A faithful copy is needed of the lines below from the one with "今年邁入第四年的「香港繽紛冬" up to and including the one with "卡通幼儿园保护嗓子小知识主题班会课件PPT模板"; set it down with no pictures and no other lines.

Available data:
Segment Open
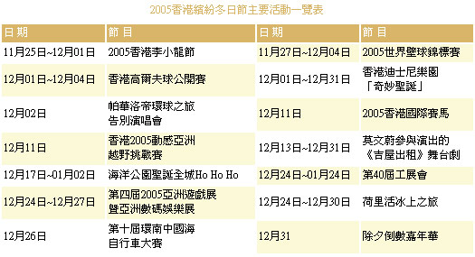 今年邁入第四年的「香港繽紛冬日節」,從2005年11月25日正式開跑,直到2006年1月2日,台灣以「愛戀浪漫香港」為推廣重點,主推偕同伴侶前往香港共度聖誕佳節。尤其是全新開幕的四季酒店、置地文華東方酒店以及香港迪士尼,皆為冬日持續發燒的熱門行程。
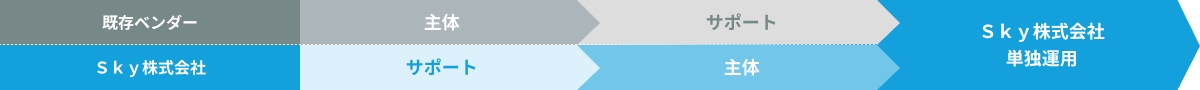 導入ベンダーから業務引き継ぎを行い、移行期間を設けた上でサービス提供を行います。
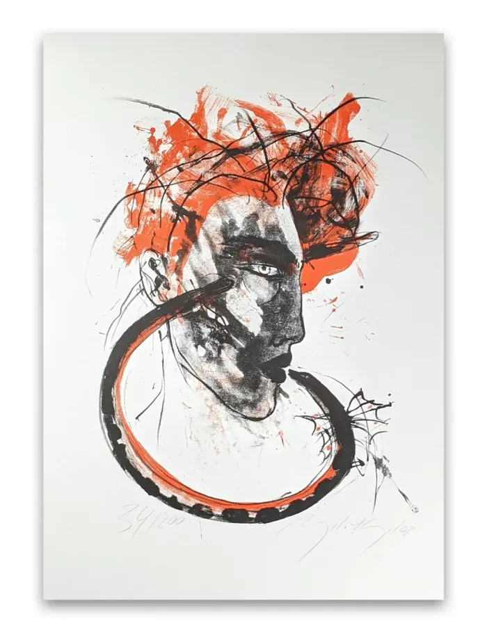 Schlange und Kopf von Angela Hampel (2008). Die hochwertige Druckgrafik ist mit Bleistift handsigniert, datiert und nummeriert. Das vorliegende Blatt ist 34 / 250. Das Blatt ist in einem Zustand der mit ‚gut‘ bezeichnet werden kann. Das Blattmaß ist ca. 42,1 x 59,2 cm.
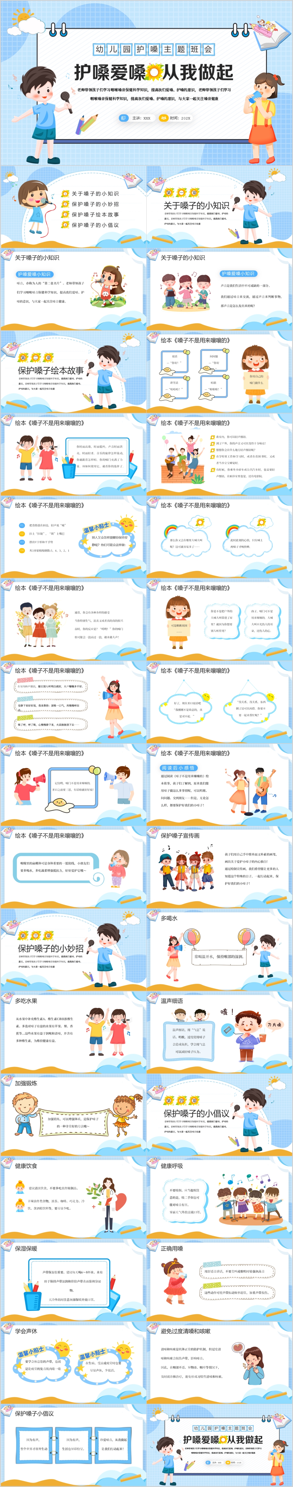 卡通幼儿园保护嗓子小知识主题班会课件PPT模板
Segment Closed
Segment Open
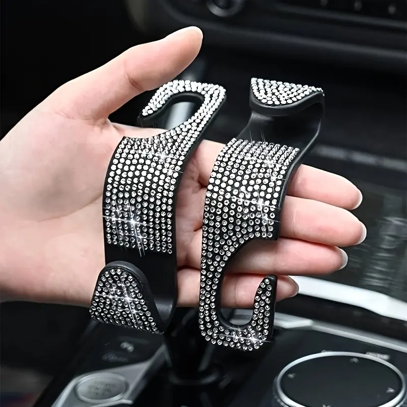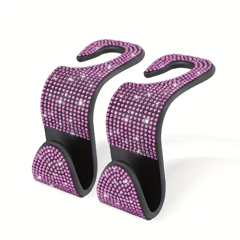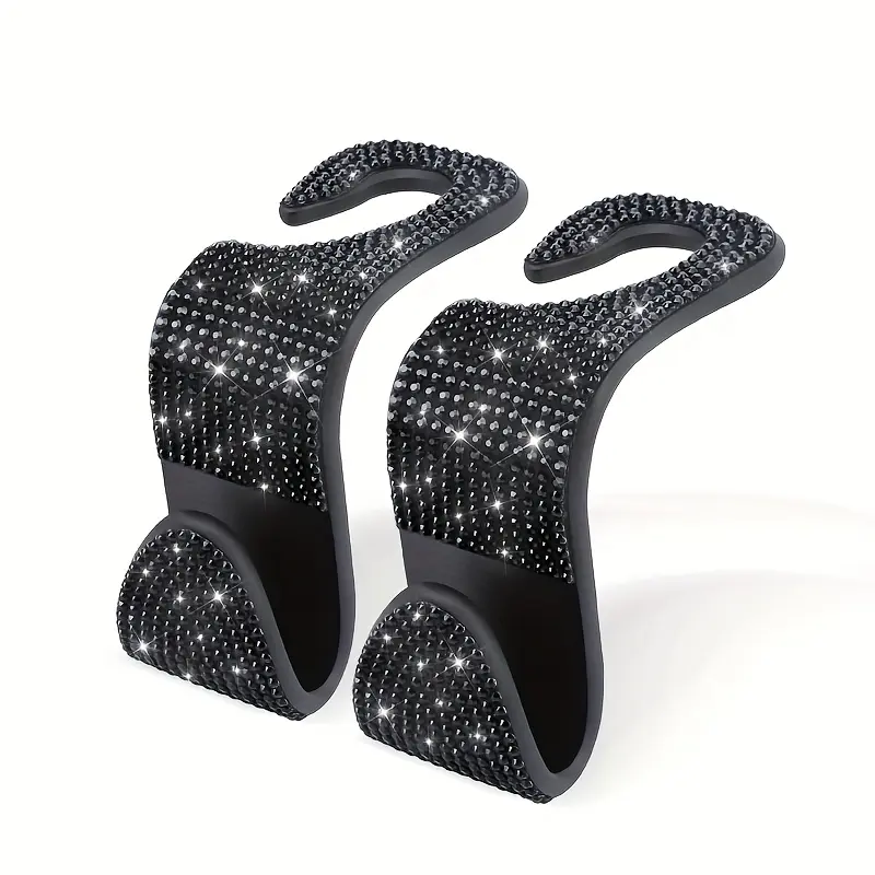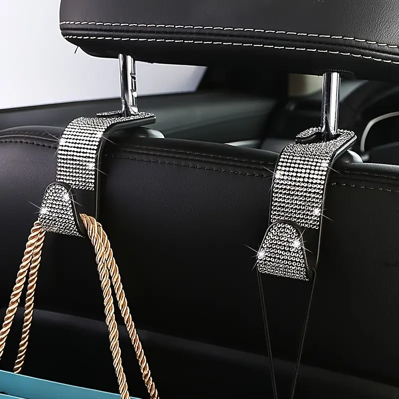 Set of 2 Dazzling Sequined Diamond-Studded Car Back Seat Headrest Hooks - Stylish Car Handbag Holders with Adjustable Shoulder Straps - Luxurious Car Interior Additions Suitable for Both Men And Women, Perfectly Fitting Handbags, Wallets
Segment Closed
Result:
 今年邁入第四年的「香港繽紛冬日節」,從2005年11月25日正式開跑,直到2006年1月2日,台灣以「愛戀浪漫香港」為推廣重點,主推偕同伴侶前往香港共度聖誕佳節。尤其是全新開幕的四季酒店、置地文華東方酒店以及香港迪士尼,皆為冬日持續發燒的熱門行程。
 導入ベンダーから業務引き継ぎを行い、移行期間を設けた上でサービス提供を行います。
 Schlange und Kopf von Angela Hampel (2008). Die hochwertige Druckgrafik ist mit Bleistift handsigniert, datiert und nummeriert. Das vorliegende Blatt ist 34 / 250. Das Blatt ist in einem Zustand der mit ‚gut‘ bezeichnet werden kann. Das Blattmaß ist ca. 42,1 x 59,2 cm.
 卡通幼儿园保护嗓子小知识主题班会课件PPT模板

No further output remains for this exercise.